Candidate for existing event repository

Resource	Actions	Notes
Sidecar	SidecarCreate, SidecarUpdate, SidecarDelete	Sidecars are subordinate to apps. AppEventRepository already records subordinate events like record_map_route, record_unmap_route, record_app_map_droplet; sidecar events would fit the same pattern
RouteMapping (destination)	RouteDestinationUpdate#update	Updates the protocol field on a route destination. AppEventRepository already records record_map_route / record_unmap_route for the same association - destination protocol updates would fit alongside
Organization (default isolation segment)	SetDefaultIsolationSegment#set	Mutates Organization.default_isolation_segment_guid. OrganizationEventRepository.record_organization_update already covers org updates; this could route through that
ServicePlanVisibility	V3::ServicePlanVisibilityUpdate, ServicePlanVisibilityDelete	Service-plan visibility changes are auditable via ServiceEventRepository.record_service_plan_visibility_event and similar (already used for the legacy controller path).
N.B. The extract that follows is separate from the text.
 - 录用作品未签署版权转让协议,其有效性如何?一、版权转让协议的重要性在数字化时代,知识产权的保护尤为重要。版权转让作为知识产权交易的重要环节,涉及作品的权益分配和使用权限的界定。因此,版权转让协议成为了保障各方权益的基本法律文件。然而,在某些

Wire V3 actions through that repo

Needs design discussion

Resource	Actions	Notes
User	UserCreate, UserUpdate, UserDelete	user_event_repository.rb exists but only records role add/remove. UserCreate is dual-purpose: it can shadow-sync a UAA user OR register a guid-only stub during permission lookups. The latter is high-frequency and auditing it would flood the events table. Needs a "what counts as user-initiated" rule before adding
ServiceOffering / ServicePlan	ServiceOfferingDelete, ServicePlanDelete	Admin-initiated catalog changes. Design alongside any future broader catalog-audit work

Intentionally unaudited - leave as-is

Internal state-machine transitions driven by workers, or pure value updates with no security relevance.

Resource	Actions	Notes
AppFeature	AppFeatureUpdate	Feature-flag toggles; covered by app update audit
Build	BuildUpdate, BuildDelete	Build state transitions (STAGING → STAGED / FAILED) are recorded by the worker via record_build_staged / record_build_failed in staging_completion_handler.rb. Build create is audited (user-initiated)
Deployment	DeploymentUpdate, DeploymentDelete	Worker-driven state transitions. Deployment create is audited
Droplet	DropletUpdate	Worker-driven state transition. Droplet create and delete are audited
EnvironmentVariableGroup	EnvironmentVariableGroupUpdate	Affects new app pushes only; no per-app audit value
FeatureFlag	FeatureFlagUpdate	Global toggle; admin-only and rarely changed
Revision	RevisionDelete	Revisions are immutable artefacts; deletion is cleanup
Route	RouteUpdate	V3 path updates route.options (TCP/HTTP routing config) and metadata. Map/unmap surfaces are audited separately via record_map_route / record_unmap_route. Auditing RouteUpdate itself would be a small gain - promote to "high priority" only if the options-change story matters to operators

Suggested next steps

Independent pieces of work; each is its own PR.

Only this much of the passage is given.